(Stored items)

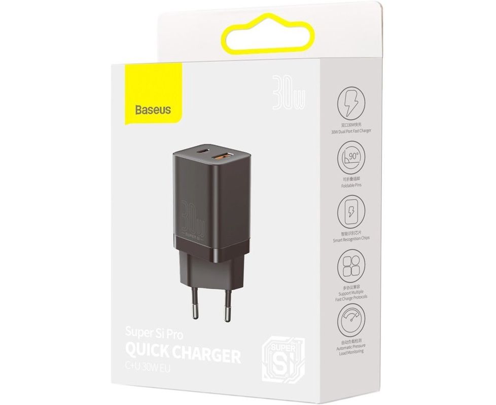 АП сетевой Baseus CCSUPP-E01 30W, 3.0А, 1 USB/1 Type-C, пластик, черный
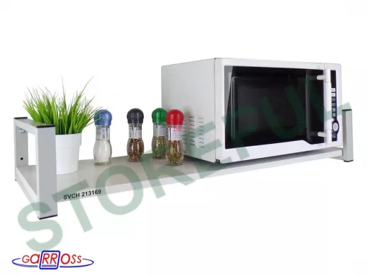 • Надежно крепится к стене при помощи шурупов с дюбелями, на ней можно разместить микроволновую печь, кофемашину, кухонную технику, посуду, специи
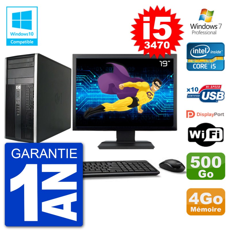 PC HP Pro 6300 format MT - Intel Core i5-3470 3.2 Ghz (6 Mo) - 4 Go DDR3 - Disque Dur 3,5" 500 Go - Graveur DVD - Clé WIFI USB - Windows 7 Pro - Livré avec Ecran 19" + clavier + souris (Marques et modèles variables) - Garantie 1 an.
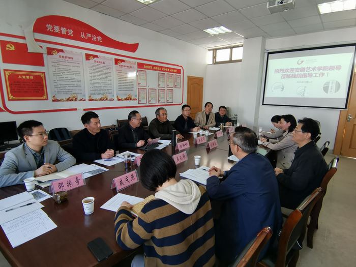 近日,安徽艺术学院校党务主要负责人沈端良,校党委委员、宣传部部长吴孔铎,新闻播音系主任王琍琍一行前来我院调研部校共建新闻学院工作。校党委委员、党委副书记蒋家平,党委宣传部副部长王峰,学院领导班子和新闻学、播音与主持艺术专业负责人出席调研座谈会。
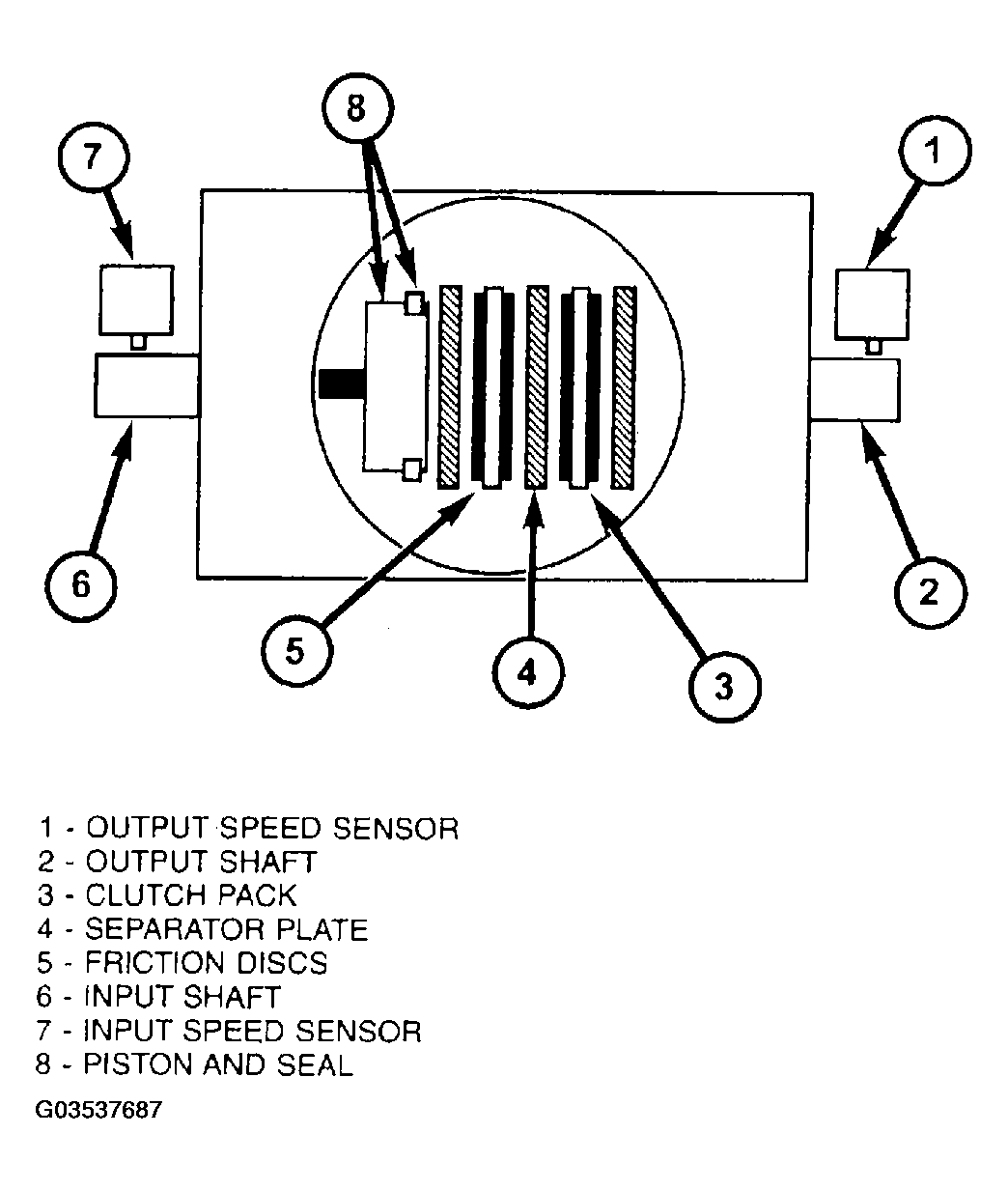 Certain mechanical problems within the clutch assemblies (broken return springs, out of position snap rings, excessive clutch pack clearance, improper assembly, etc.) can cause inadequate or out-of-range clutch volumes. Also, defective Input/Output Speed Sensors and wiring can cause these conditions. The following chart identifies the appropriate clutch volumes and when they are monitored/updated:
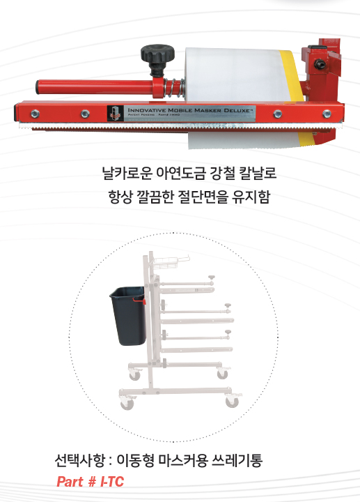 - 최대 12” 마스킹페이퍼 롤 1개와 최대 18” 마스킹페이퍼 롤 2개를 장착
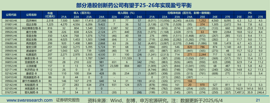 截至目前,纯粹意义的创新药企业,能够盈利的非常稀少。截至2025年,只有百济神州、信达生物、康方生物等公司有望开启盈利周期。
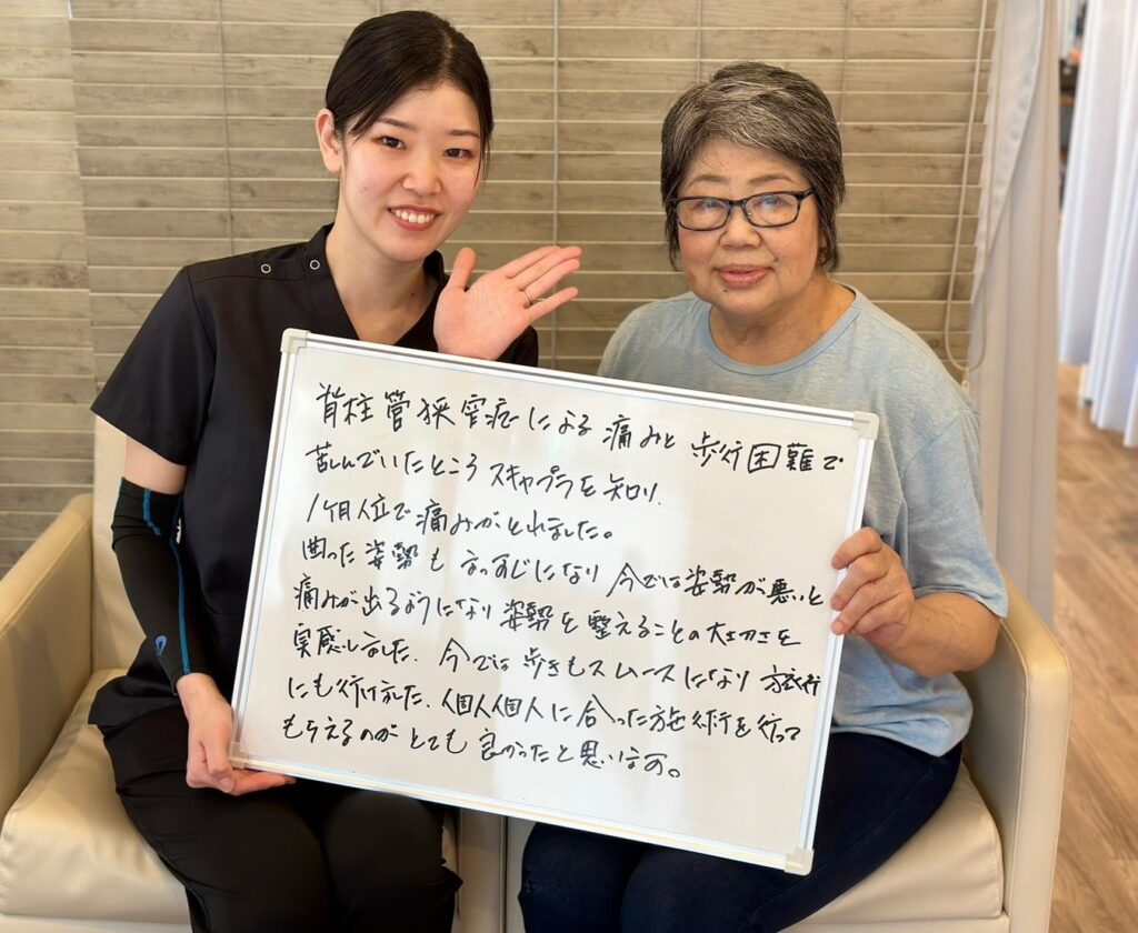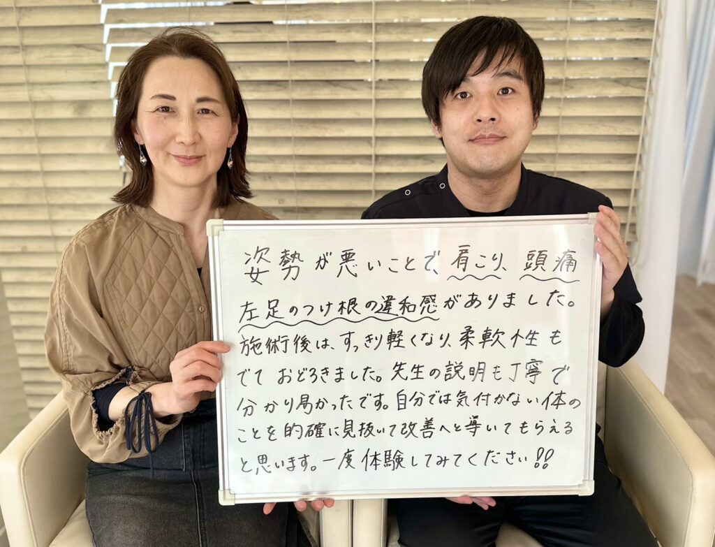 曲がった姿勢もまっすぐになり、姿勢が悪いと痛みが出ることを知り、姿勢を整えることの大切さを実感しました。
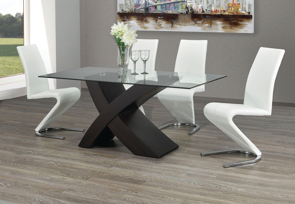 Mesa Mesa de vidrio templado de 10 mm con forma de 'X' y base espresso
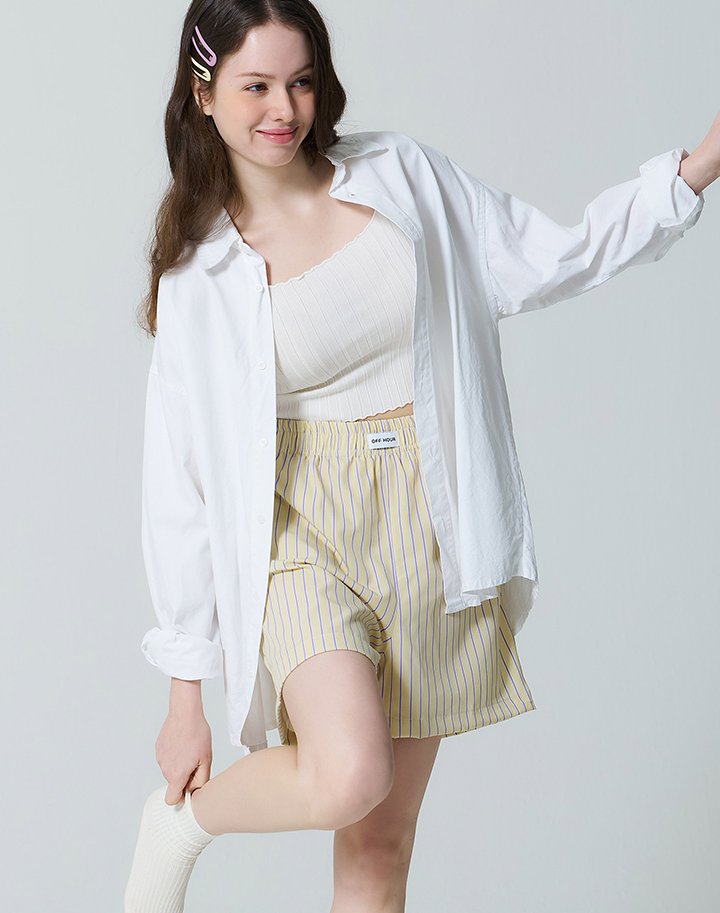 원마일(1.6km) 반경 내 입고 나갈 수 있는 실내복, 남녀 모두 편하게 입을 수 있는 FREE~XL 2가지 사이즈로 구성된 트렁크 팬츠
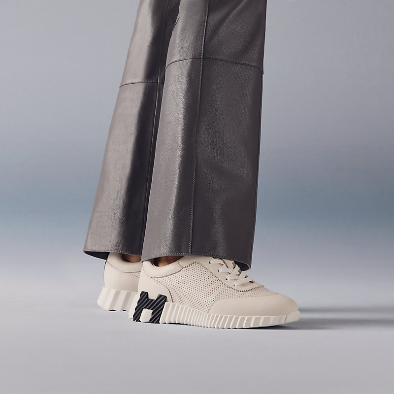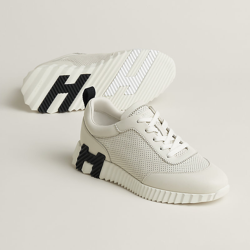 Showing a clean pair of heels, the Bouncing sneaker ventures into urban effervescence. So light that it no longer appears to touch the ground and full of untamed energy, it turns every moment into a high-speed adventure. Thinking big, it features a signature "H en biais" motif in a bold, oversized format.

* [Task to complete]
Write out the whole of the data exactly; the pictures stay out.

* [Completed exercise]
 АП сетевой Baseus CCSUPP-E01 30W, 3.0А, 1 USB/1 Type-C, пластик, черный
 • Надежно крепится к стене при помощи шурупов с дюбелями, на ней можно разместить микроволновую печь, кофемашину, кухонную технику, посуду, специи
 PC HP Pro 6300 format MT - Intel Core i5-3470 3.2 Ghz (6 Mo) - 4 Go DDR3 - Disque Dur 3,5" 500 Go - Graveur DVD - Clé WIFI USB - Windows 7 Pro - Livré avec Ecran 19" + clavier + souris (Marques et modèles variables) - Garantie 1 an.
 近日,安徽艺术学院校党务主要负责人沈端良,校党委委员、宣传部部长吴孔铎,新闻播音系主任王琍琍一行前来我院调研部校共建新闻学院工作。校党委委员、党委副书记蒋家平,党委宣传部副部长王峰,学院领导班子和新闻学、播音与主持艺术专业负责人出席调研座谈会。
 Certain mechanical problems within the clutch assemblies (broken return springs, out of position snap rings, excessive clutch pack clearance, improper assembly, etc.) can cause inadequate or out-of-range clutch volumes. Also, defective Input/Output Speed Sensors and wiring can cause these conditions. The following chart identifies the appropriate clutch volumes and when they are monitored/updated:
 - 최대 12” 마스킹페이퍼 롤 1개와 최대 18” 마스킹페이퍼 롤 2개를 장착
 截至目前,纯粹意义的创新药企业,能够盈利的非常稀少。截至2025年,只有百济神州、信达生物、康方生物等公司有望开启盈利周期。
 曲がった姿勢もまっすぐになり、姿勢が悪いと痛みが出ることを知り、姿勢を整えることの大切さを実感しました。
 Mesa Mesa de vidrio templado de 10 mm con forma de 'X' y base espresso
 원마일(1.6km) 반경 내 입고 나갈 수 있는 실내복, 남녀 모두 편하게 입을 수 있는 FREE~XL 2가지 사이즈로 구성된 트렁크 팬츠
 Showing a clean pair of heels, the Bouncing sneaker ventures into urban effervescence. So light that it no longer appears to touch the ground and full of untamed energy, it turns every moment into a high-speed adventure. Thinking big, it features a signature "H en biais" motif in a bold, oversized format.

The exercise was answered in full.